▶ [What to produce]: There is one span to output from the data below: the lines starting at the line with "The Microsoft feature" and ending at the line with "The Scientific Registry". Output it exactly, ends included, nothing more.

▶ [Given records]:
════════════════

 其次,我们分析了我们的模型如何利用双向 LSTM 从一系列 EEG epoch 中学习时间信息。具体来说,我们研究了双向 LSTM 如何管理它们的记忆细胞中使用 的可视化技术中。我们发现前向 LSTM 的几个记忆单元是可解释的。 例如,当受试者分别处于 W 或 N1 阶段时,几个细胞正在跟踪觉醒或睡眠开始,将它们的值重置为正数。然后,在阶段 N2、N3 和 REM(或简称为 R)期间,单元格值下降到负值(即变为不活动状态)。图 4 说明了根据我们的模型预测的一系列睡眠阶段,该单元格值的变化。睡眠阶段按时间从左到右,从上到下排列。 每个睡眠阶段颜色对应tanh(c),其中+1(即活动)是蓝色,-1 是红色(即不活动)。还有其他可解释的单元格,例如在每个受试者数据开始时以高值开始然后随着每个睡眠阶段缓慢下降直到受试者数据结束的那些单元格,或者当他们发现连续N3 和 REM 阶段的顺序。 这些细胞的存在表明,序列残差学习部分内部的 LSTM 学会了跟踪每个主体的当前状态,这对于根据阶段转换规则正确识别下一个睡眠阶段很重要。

════════════════

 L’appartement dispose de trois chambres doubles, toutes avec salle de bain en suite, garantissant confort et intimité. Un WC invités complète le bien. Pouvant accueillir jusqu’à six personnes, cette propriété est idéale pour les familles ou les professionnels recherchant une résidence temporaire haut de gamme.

════════════════

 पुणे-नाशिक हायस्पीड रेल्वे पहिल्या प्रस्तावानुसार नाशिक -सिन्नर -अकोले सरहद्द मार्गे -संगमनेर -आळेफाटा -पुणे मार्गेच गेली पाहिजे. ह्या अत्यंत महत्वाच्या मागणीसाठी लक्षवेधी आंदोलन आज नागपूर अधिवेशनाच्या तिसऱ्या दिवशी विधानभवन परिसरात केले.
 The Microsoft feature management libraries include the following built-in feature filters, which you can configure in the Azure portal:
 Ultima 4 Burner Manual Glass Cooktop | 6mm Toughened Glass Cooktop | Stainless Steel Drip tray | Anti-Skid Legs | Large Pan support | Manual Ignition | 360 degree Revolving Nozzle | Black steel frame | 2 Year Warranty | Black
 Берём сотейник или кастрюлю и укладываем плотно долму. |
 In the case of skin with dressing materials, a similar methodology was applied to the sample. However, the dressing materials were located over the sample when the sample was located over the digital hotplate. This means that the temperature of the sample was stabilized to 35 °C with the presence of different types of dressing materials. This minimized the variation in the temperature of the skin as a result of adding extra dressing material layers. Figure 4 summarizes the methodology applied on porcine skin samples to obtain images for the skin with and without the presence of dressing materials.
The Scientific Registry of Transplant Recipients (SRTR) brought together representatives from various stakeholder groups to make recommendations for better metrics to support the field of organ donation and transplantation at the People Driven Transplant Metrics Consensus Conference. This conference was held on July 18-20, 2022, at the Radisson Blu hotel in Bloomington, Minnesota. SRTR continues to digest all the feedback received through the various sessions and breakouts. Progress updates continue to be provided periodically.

════════════════

▶ [Answer section]:
 The Microsoft feature management libraries include the following built-in feature filters, which you can configure in the Azure portal:
 Ultima 4 Burner Manual Glass Cooktop | 6mm Toughened Glass Cooktop | Stainless Steel Drip tray | Anti-Skid Legs | Large Pan support | Manual Ignition | 360 degree Revolving Nozzle | Black steel frame | 2 Year Warranty | Black
 Берём сотейник или кастрюлю и укладываем плотно долму. |
 In the case of skin with dressing materials, a similar methodology was applied to the sample. However, the dressing materials were located over the sample when the sample was located over the digital hotplate. This means that the temperature of the sample was stabilized to 35 °C with the presence of different types of dressing materials. This minimized the variation in the temperature of the skin as a result of adding extra dressing material layers. Figure 4 summarizes the methodology applied on porcine skin samples to obtain images for the skin with and without the presence of dressing materials.
The Scientific Registry of Transplant Recipients (SRTR) brought together representatives from various stakeholder groups to make recommendations for better metrics to support the field of organ donation and transplantation at the People Driven Transplant Metrics Consensus Conference. This conference was held on July 18-20, 2022, at the Radisson Blu hotel in Bloomington, Minnesota. SRTR continues to digest all the feedback received through the various sessions and breakouts. Progress updates continue to be provided periodically.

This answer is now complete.